When we are researching special needs we usually get the big stuff covered: medical necessities such as surgeries, procedures and therapies. Once we check those boxes we feel we are “good to go” and will figure out the rest on the way. At least that’s how I am!
We have a son diagnosed with VACTERL association. This was not in his adoption file but instead a slew (yes, a slew) of various medical needs that all added up to VACTERL diagnosed by a doctor once we were home. We understood the surgeries and knew how to manage the need but, of course, things come up that make you say, “I never thought about this!”
One of those things for us has been traveling. Anytime we travel, whether it’s overnight for a reunion, a few days at the grandparents’ house or a week for post-op visits, we have to pack “everything plus the kitchen sink”. Now I will say, every child with VACTERL is different and this will look different for each family. For instance, my son has the V, A, C, and R components of the association. VACTERL stands for vertebral defects, anal atresia, cardiac defects, tracheo-esophageal fistula, renal anomalies, and limb abnormalities. People diagnosed with VACTERL association typically have at least three of these characteristic features. So a family that has a child with the “T” component might have extra or different supplies to bring on a trip.
Traveling for us looks like this:
Potty Seat – we have forgotten this before and poor kid had to do the “China squat” so he wouldn’t fall into the toilet.

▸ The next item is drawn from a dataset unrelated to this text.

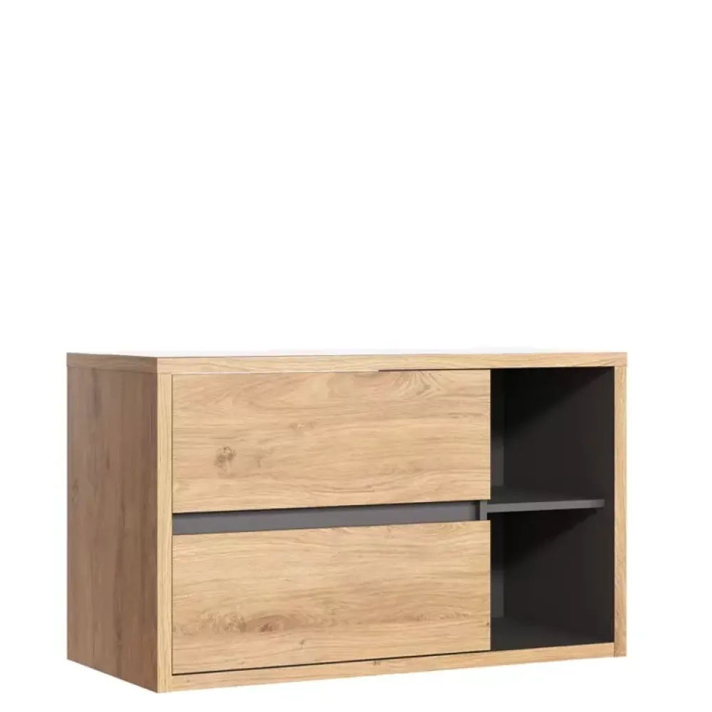 - Fronty wykonane z płyty laminowanej w kolorze Dąb Shetland.
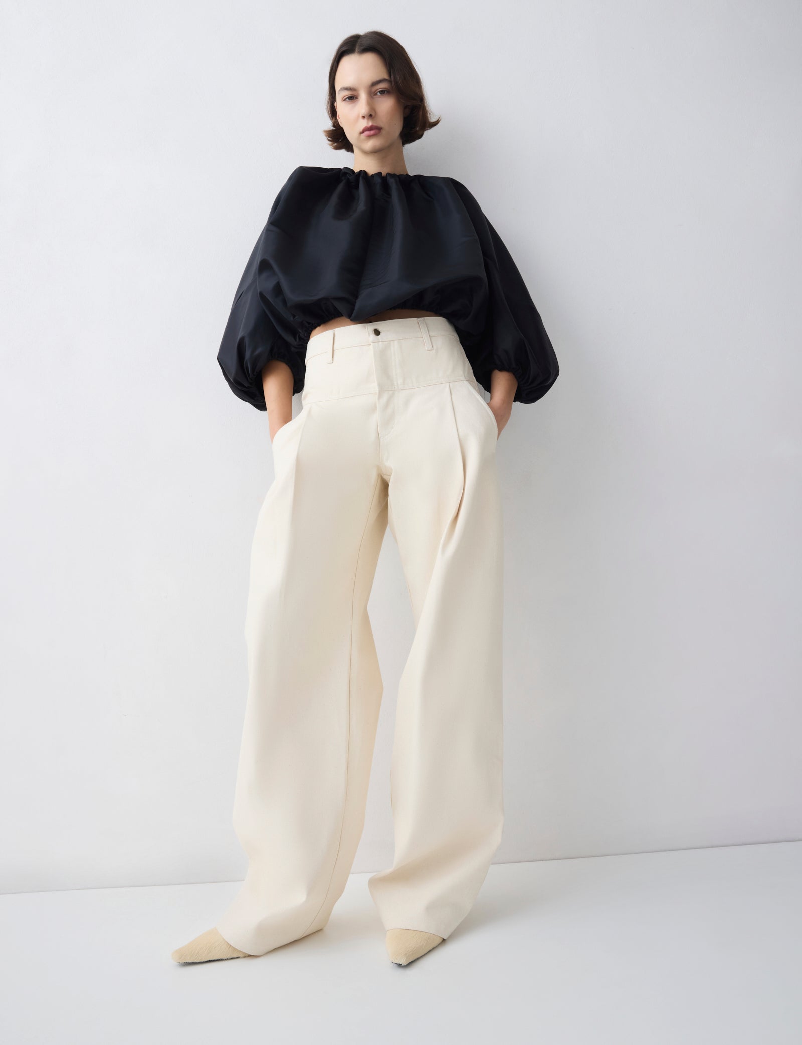 WHITE COTTON SHIRTING BYSTANDER TOP

Tray table – most hotels have a mini table that can be moved into the bathroom so sometimes we don’t bring this. It’s very bulky so we try to if we don’t have to. Plus it’s not 100% necessary but it’s nice to have a surface to play on if you’re sitting on the toilet for an hour!
A step stool – if your child’s feet don’t touch the floor then it’s nice to have a stool to rest them on to prevent them from falling asleep. That can be uncomfortable! But we’ve recently started leaving this off the list and finding other ways to prop up his feet. Like a suitcase! 😉
Items of Entertainment – this can be an iPad/tablet, coloring books, puzzles, Legos, etc. It’s just nice to have items that help pass the time instead of staring at a bathroom wall.
Enema bags – along with a wire coat hanger to hang the bag, or Command Damage Free hanger hooks. These can be very helpful to have on hand!
Other items – coude’ catheters, regular catheters, lubricant, ace stopper, Tegaderm adhesives, scissors, syringes, medical tape, diapers, nighttime diapers, swim diapers, saline solution, glycerin, castile soap, “chucks” (or throw away pads) for the bed, diaper rash cream, regular wipes, flushable wipes and air freshener (we have been known to pack some Poo-pourri).
We always carry an extra backpack that serves as a “medical bag” in case we are gone all day long as well as keep extra supplies in our car. I like to advise families to keep an empty water bottle in their car in case you need to cath while driving. (I have crawled in the backseat many of times and helped our son out when there was nowhere to stop and get out.)
While my son and others diagnosed with VACTERL may always have to be thinking one step ahead on managing their need on a daily basis, there is no reason they cannot live life to the fullest! We treat this need as his “normal” and treat his management as just a part of his routine like brushing his teeth or getting dressed.
Sometimes our son will start to feel sorry for himself and see all the extra work everyone goes through. He doesn’t “get” why he was made differently. I choose to tell him everyone is made differently and we just have to “rock” what God gives us!
We are so blessed to be his parents and keep pointing his mind in that direction.